Wir müssen, erläuterte Dankmar, eine andere Gleichheit predigen als z.B. die der Volksversammlungen. Gleichheit mit dem Pöbel ist die sehnsucht der Denkenden nimmermehr. Gleichheit der Ansprüche auf die grosse Ehre, die in einem Allgemeinen, uns Alle Bindenden liegt, Ehre, zurückstrahlend auf Alle von einem Begriff aus, der Ehre verdient, da ist Etwas zu suchen, zu erfinden, was uns rettet vor dem Rückfall in die Barbarei, dass wir aus Furcht vor Revolutionen der Anbetung des Bestehenden verfallen.
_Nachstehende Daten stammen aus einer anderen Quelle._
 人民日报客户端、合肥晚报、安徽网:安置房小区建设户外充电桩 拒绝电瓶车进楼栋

Als Schlurck's Name genannt wurde, erwachte Hackert. Die beiden Andern schwiegen, und die notwendigkeit, dem Pferde einige Ruhe zu gönnen, trennte vor einem am Wege gelegenen wirtshaus auf einige Zeit die drei gefährten. Als der Fremde, um nach einem Mittagsimbiss zu fragen, ins Haus getreten war, winkte Hackert Dankmarn und zeigte ihm ein Taschentuch, das Jener hatte liegen lassen. Mit geheimnissvoller Miene bedeutete er ihn näher zu treten und hielt ihm verstohlen den Zipfel des Tuches hin. Es war sehr fein eine Krone mit dem Zeichen 100 und dem Buchstaben E darin gestickt.
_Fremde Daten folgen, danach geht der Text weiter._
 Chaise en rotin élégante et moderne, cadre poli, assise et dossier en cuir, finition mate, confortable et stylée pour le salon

Das heisst, sagte Hackert, der Mensch, von dem er dieses Taschentuch gestohlen, hatte deren hundert, war mindestens kein Tischler und fängt in seinem Vornamen mit einem E an.

Oder es gehört ihm wohl selbst, sagte Dankmar.

Das ist auch möglich, antwortete Hackert trocken und rief einen Knecht, für das Pferd zu sorgen. Dann knöpfte er sich den Rock zu, streifte Beinkleider und Rockärmel glatt und benahm sich affectirt genug wie ein Gentleman.